===== RECORD EXTRACTS

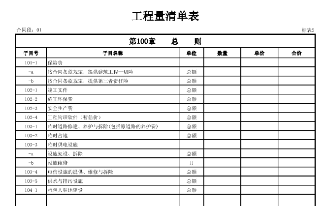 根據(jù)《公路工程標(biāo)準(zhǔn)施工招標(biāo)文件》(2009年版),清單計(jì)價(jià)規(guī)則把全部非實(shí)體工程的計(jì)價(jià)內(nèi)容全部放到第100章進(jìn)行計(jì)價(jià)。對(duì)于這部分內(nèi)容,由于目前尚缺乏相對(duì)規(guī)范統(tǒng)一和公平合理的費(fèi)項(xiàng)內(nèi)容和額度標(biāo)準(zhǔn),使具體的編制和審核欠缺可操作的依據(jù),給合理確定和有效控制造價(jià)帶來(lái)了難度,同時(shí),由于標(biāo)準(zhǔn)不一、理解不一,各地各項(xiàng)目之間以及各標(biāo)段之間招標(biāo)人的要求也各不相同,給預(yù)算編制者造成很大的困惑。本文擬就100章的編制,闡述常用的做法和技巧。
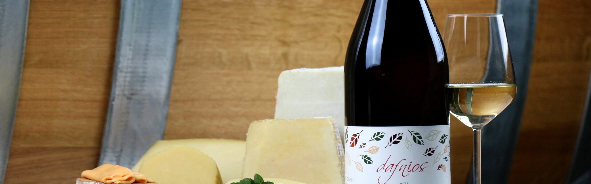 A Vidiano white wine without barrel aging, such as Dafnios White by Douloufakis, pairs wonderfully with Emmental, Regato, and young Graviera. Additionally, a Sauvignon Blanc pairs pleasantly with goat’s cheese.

==========
===== RECORD EXTRACTS

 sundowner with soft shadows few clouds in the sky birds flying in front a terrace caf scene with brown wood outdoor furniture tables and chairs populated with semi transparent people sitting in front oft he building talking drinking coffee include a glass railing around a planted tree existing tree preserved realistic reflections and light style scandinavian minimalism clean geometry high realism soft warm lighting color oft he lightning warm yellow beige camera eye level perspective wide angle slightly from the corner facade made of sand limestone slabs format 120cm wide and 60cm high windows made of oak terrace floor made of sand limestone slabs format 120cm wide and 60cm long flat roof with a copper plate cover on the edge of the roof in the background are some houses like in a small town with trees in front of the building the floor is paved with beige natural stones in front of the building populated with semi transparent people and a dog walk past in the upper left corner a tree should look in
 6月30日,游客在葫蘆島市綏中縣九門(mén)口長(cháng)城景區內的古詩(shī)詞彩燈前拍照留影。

==========

## WHAT YOU WILL DO
From the material above, output only the span of lines that starts at the one containing "根據(jù)《公路工程標(b" and finishes at the one containing "A Vidiano white", word for word and free of pictures.

## RESULT FOR THIS EXERCISE
 根據(jù)《公路工程標(biāo)準(zhǔn)施工招標(biāo)文件》(2009年版),清單計(jì)價(jià)規(guī)則把全部非實(shí)體工程的計(jì)價(jià)內(nèi)容全部放到第100章進(jìn)行計(jì)價(jià)。對(duì)于這部分內(nèi)容,由于目前尚缺乏相對(duì)規(guī)范統(tǒng)一和公平合理的費(fèi)項(xiàng)內(nèi)容和額度標(biāo)準(zhǔn),使具體的編制和審核欠缺可操作的依據(jù),給合理確定和有效控制造價(jià)帶來(lái)了難度,同時(shí),由于標(biāo)準(zhǔn)不一、理解不一,各地各項(xiàng)目之間以及各標(biāo)段之間招標(biāo)人的要求也各不相同,給預(yù)算編制者造成很大的困惑。本文擬就100章的編制,闡述常用的做法和技巧。
 A Vidiano white wine without barrel aging, such as Dafnios White by Douloufakis, pairs wonderfully with Emmental, Regato, and young Graviera. Additionally, a Sauvignon Blanc pairs pleasantly with goat’s cheese.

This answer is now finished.